Though exploited as a separate ethnic group, "Spanish-speaking communities were interconnected through a shared economic life and were linked to the Anglo working-class populations of the Southwest as a result of the region's economic and political integration with the rest of the United States." Multiracial working-class unity, therefore, was contingent upon combating the institutional racism facing Mexican-Americans in daily life.

The CP helped organize community-based campaigns, often under the leadership of women. One antiracist organization, the Congress of Spanish-Speaking Peoples, foreshadowing the Chicano civil rights movement, launched grassroots and direct-action campaigns to overturn segregation.
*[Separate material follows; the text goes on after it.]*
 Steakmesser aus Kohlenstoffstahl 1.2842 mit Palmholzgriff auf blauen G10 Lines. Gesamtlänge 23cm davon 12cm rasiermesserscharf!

El Congreso's founding convention in 1938 declared its support for the extension of labor protections to agricultural and domestic workers (excluded from FDR's NLRA), extension of relief to unemployed Mexican-American workers, an end to workplace discrimination, and an increase in wages. They also called for rent controls and an end to discrimination in housing and rampant police brutality.

Understanding how immigration policy was being used to divide workers, they called for a cessation of deportations of undocumented workers and advocated for their inclusion in access to social services. Recognizing how the education system underdeveloped Mexican children to prepare them as commodities of manual labor, they advocated for "cultural democracy" in the classroom. This included the demand for bilingual education and the promotion of Mexican-American teachers.
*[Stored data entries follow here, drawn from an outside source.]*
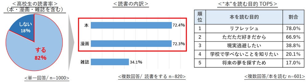 また、月間の平均読書時間は、「8時間」で、受験勉強に追われ自由時間が減る高校生にとって決して短くない時間であることが浮き彫りに。さらに、月に本や漫画、雑誌に使っている平均金額は「1,410円」となり、お小遣いの平均金額「5,582円」(※1)の約4分の1を占めていることが分かりました。宿題や課題のイメージから義務的と思われがちな、“本”に絞って読む目的を聞くと、1位「リフレッシュ」、2位「ただただ好きだから」、3位「現実逃避したい」がTOP3に入り、楽しみな息抜きとして読書に向き合っている様子です。
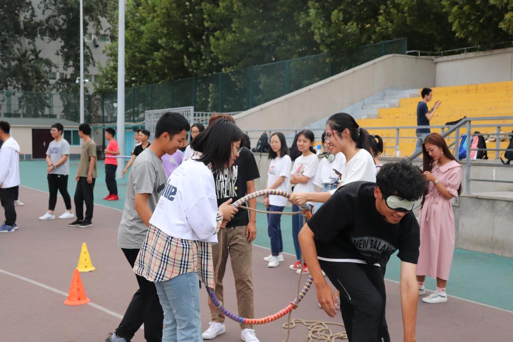 院学生会组织展开,新生们按班级分成三个小组,每个小组由一名院学生会干事带领参与游戏。首先干事们组织各个小组围成一个圆圈在音乐的指引下集体跳兔子舞。在刚开始跳时,同学们出现了踢到其他同学的情况,这种情况在同学们善意的谅解和欢乐的笑声中逐渐减少,慢慢的大家都跟上了音乐的旋律并熟悉了舞蹈的动作,有节奏地跳完了兔子舞。接着进行的是蒙眼游戏,游戏采取两两合作形式,由一个同学引导另一个被蒙住眼的同学慢慢穿过呼啦圈,再引导他越过呼啦圈旁的绳子。蒙眼游戏不仅加强了同学们的团队协作精神,提高合作能力,还促进了同学之间的友谊。最后同学们还做了击鼓传花、千千结等一系列的小游戏,一些小组还自发地玩起了同学们当场想到的小游戏,活动场面十分热闹,同学们充满了激情与活力。一个小时过后,本次新生素拓活动在欢乐与笑声中圆满结束了。
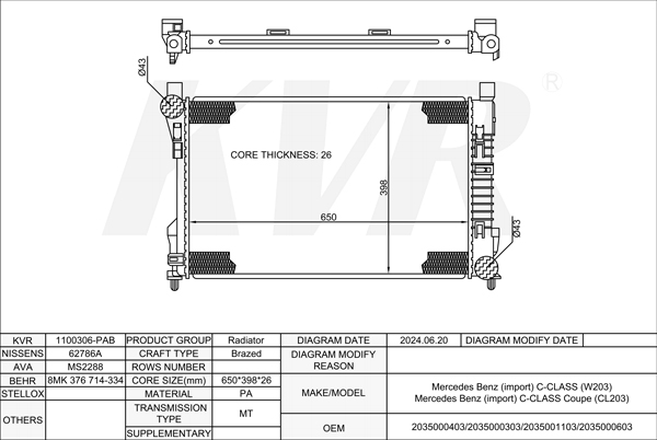 - APPLICATION:Mercedes Benz C-CLASS Saloon (W203)'2000-07

Recognizing how Jim Crow laws like the poll taxes kept Mexican voters disenfranchised, El Congreso organized voter registration drives and fund-raisers for the poor to pay poll taxes. At its height, the organization had 73 chapters representing 70,000 members across the Southwest.
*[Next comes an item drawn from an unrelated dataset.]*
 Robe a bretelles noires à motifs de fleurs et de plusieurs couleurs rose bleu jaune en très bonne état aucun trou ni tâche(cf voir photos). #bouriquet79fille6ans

Members of the CP and its affiliated organizations also provided crucial material aid and political support for LA's Mexican community during the Second World War. After the declaration of war against Japan, racist sentiment was stoked across the country. While Japanese-Americans were being internally deported into concentration camps, Mexican-American youth became a target for persecution in inner cities across the West.

The growing population of Mexican-American workers in the cities, the emergence of Chicano youth culture that challenged the norms of forced assimilation, and the emergence of social problems associated with poverty and segregation in the barrio provided the kindling for nativists to ignite a lynch-mob atmosphere against Mexican-Americans.

In what became known as the Sleepy Lagoon Case (or as Vargas identifies it, the "West Coast complement of the Scottsboro Campaign"), 17 Mexican-American youths were arrested and put on trial for an unsubstantiated murder. The CP and the Congreso, CIO-affiliated unions and progressives from Hollywood united to form the Sleepy Lagoon Defense Committee (SLDC) to defend the boys and expose the campaign as racial persecution.

Organizers, led by CIO veterans Luisa Moreno and Revels Cayton, planned a multi-pronged campaign to "develop an educational program to solicit support for the SDLC, coordinate efforts to end racism against Mexicans within unions, and launch a CIO membership drive in the Spanish-speaking working-class neighborhoods."

After three years, the national campaign resulted in all the charges being dropped and the youth released. The fight evolved into numerous other campaigns that directed multiracial, working-class organization and power against the structures of segregation.

While the CP and CIO ultimately retreated from their efforts to directly confront racism, the Mexican and Mexican-American workers who rose through their ranks and were trained on the front lines of class struggle laid the groundwork for the ultimate defeat of Jim Crow in the Southwest. As Vargas concludes, the civil rights movement of the 1960s witnessed "a new generation of leaders and plans," but rather than serving as a starting point, Mexican-American militancy only "deepened and expanded."

It is in understanding this continuity of class struggle that makes Vargas' book an indispensable read for a new generation of activists confronting the new Jim Crow assault on immigrants, as well as for the next generation of Emma Tenayucas that carry with them the hope and possibility of a better world.